The victims' personal protective equipment:

Both of the victims were wearing PPE consisting of full firefighter turnout gear, including bunker pants, bunker coat, boots, gloves, helmet, protective hood, SCBA with a full tank of air and an integrated personal alert safety system (PASS) device. At the time of the incident, both firefighters had donned and activated their SCBA and were breathing tank air. In addition, both were in possession of handheld radios. While some of this equipment appeared to sustain damage as a result of this incident, there were no reports or physical evidence of equipment malfunction prior to or during the incident.

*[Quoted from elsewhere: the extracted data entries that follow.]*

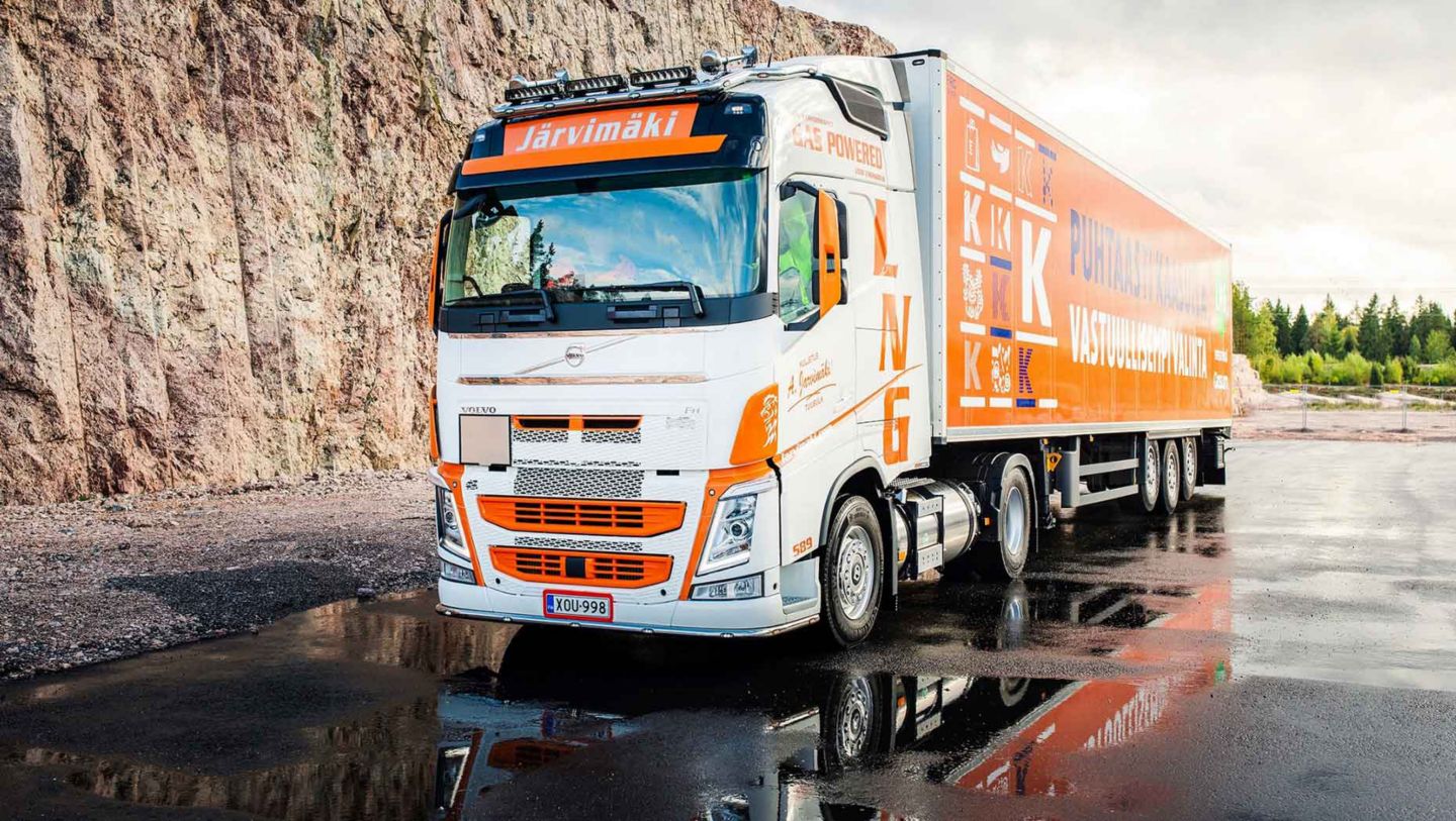 Kuljetus Arto Järvimäki Oy on perustettu vuonna 1987. Se työllistää sata kuljettajaa, jotka ajavat 60 autolla muun muassa elintarvikkeita pääkaupunkiseudulla. Marko Järvimäki tilasi Volvo FH LNG:n viime toukokuussa heti, kun se tuli myyntiin. Luovutus- ja tankkauskoulutuksen jälkeen Volvo FH LNG lähti ajamaan elintarvikkeita Keskolle.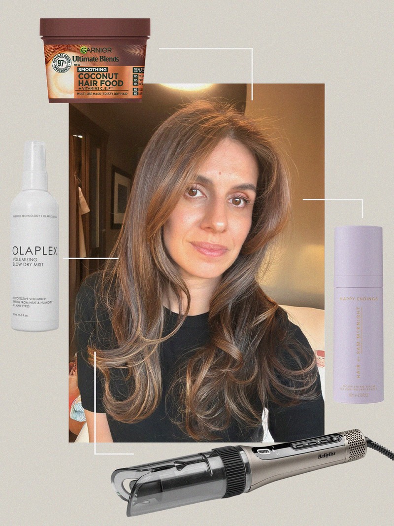“I could honestly do a TED Talk on hair products but since I’m limited to four… a hair tool I’ve become obsessed with is this curler from BaByliss. It’s so easy and quick to use – plus, it smoothes while it styles. You can set the level of drama, whether you want loose waves or tight curls. Before using it, spritzing in this blow dry mist from Olaplex will add more bounce and help your hair hold the style for longer, without any tell-tale residue. I’m not too loyal to shampoos and conditioners, and often just use a hair mask in place of the latter. Garnier’s banana one is a bestseller but I prefer this coconut one, which helps fight the frizz my hair is prone to. If some of that frizz still remains after styling, this deliciously scented balm makes quick work of it, smoothing and defining with none of that tacky, sticky feel.”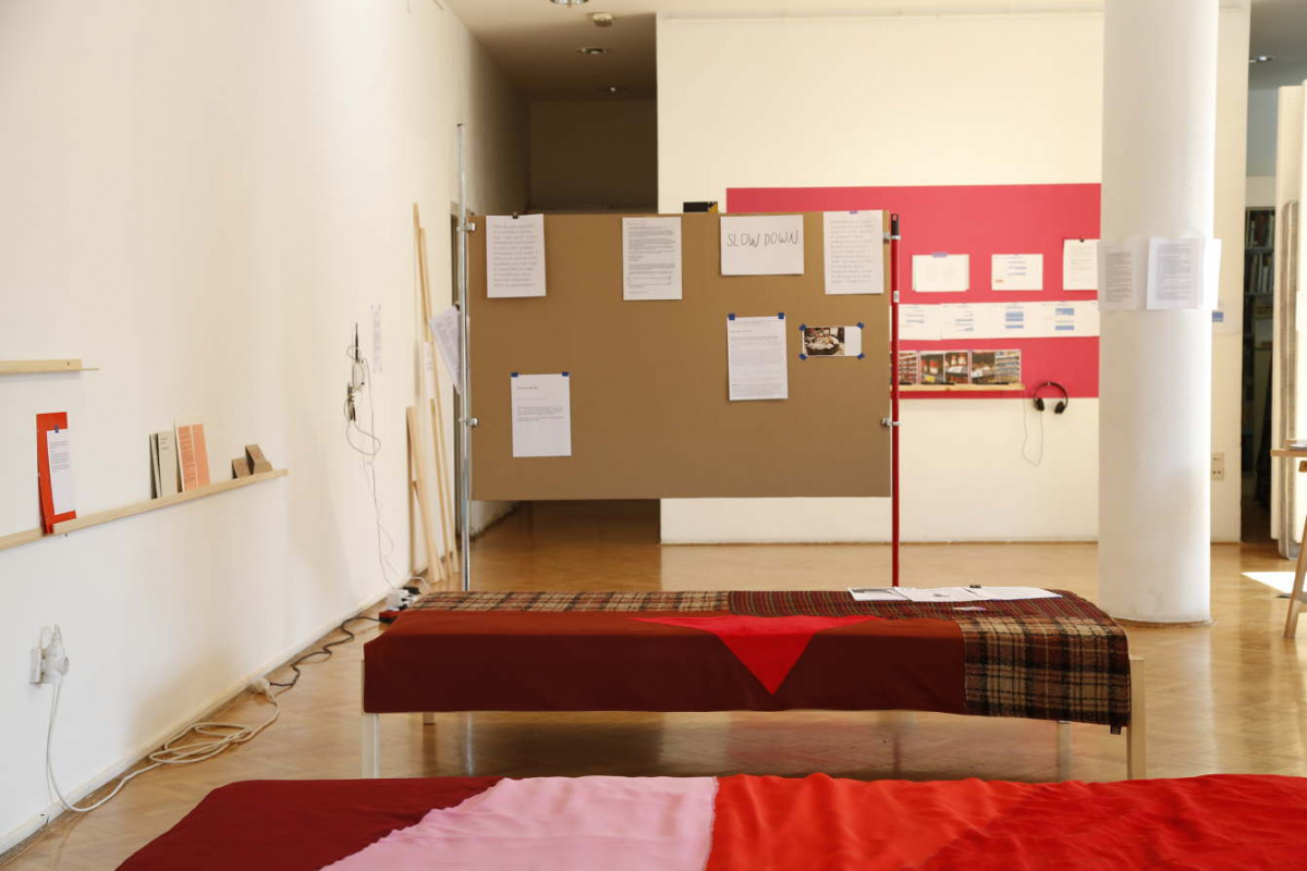 research. Her practice is both conceptual and social, focusing on the gallery as a site for dialogue and thinking – beyond modes of representation, to possibilities of being together and experiencing together. Early installations employed text, abstract sculpture and assemblages of vernacular objects to approach social issues around group identity, displacement and bureaucratic cultures, while more recent works use dialogue-based processes to create shared spaces. Born in Petropavlovsk, Kazakhstan, she studied architecture and Theory and Practice of Visual Communication at the University of Kassel and School of Art and Design Kassel, Germany. She lives in Sydney and Berlin and is a member of the non-profit artist and non-artist run initiative Frontyard Projects in Marrickville, Sydney.

The fire building and site information:

The home sits on a half-acre lot and faces south with direct access to a public street to the south. The building is of Type V construction consisting of conventional wood framing, horizontal composite lap siding and a composite asphalt shingle roof. A utility shed is in the backyard, but was not involved in this incident. A vehicle was parked in the driveway and another vehicle was parked on the property just to the east of the structure. Neither vehicle was involved in the incident.

The dwelling was an approximately 1,152-square-foot, ranch-style home with a 432-square-foot attached garage. Nine rooms plus the garage are present, consisting of three bedrooms (one each on the north, southeast and southwest sides of the structure), a kitchen, laundry room, dining room, living room and a half bathroom that is immediately adjacent to a full bathroom.